Solid State Light Source Based Analytical Measurement Systems For Atmospheric Particles

Abstract

Solid-state light sources such as light-emitting diodes, use a solid semiconductor block instead of a conventional heated filament or discharge source. Such light sources are preferred in analytical instrumentation because of various environmental benefits, cost benefits and most importantly performance benefits due to their characteristic features. This thesis deals with the fabrication of solid-state light source based analytical instrumentation for measuring size distribution and spectral absorption characteristics of ambient aerosol particles and provides insights into the behavior of aerosol organic carbon concentrations determined in a continuous and automated manner. Various analytical instruments are commercially available for either measuring the particle size or optical absorption of ambient aerosols, but not both. Also, the instruments available for determining the optical absorption of particles do so only at one or two wavelengths.
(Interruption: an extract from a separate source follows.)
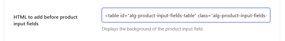 The HTML tag added in HTML to Add Before Product Input Fields setting, will display the background of the product input field. By default, it is set to <table id=”alg-product-input-fields-table” class=”alg-product-input-fields-table”>. This shows that a table format is selected to display the input field/s.
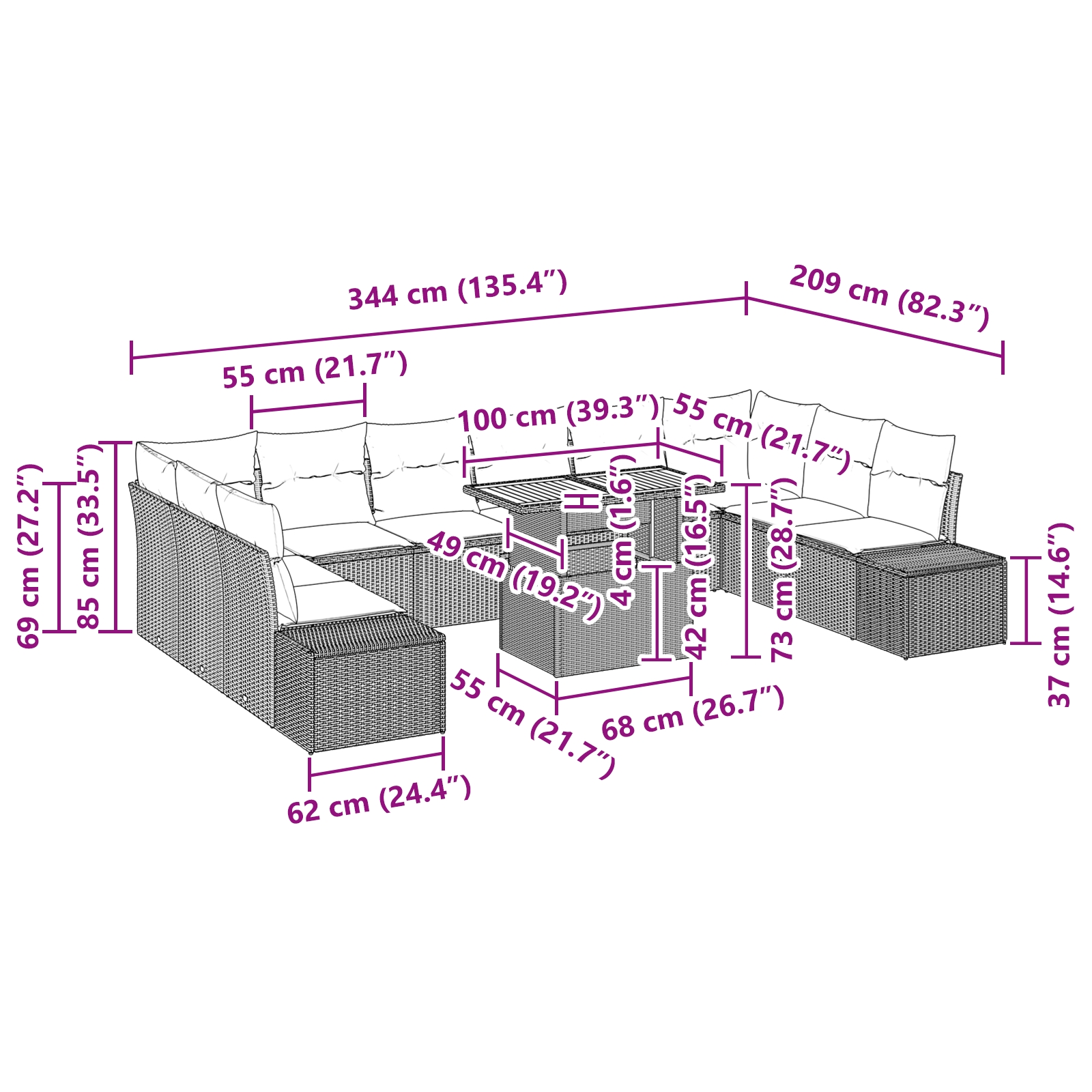 • Priestranné sedenie: Navrhnuté tak, aby pohodlne usadilo až desať osôb, tento set je skvelý na rodinné stretnutia a stretnutia s priateľmi. Priestranné rozmery prispejú k vítajúcej atmosfére.

This thesis describes a unique instrument that uses an array of eleven light- emitting diodes ranging in wavelength from ultraviolet to near-infrared that are alternately turned on as the light source and a 512-element photodiode array as the detector, the latter providing information on where spatially particles are deposited, This "particle spectrometer" provides semi-quantitative information about size and optical absorption of aerosol particles sampled by the device. Additionally I report on the efficiency of various particle collection systems for collecting fine and ultrafine particulate matter that can operate continuously. This will contribute to the development of analytical instrumentation capable of collecting atmospheric aerosol and analyzing its organic carbon content in a continuous and automated fashion.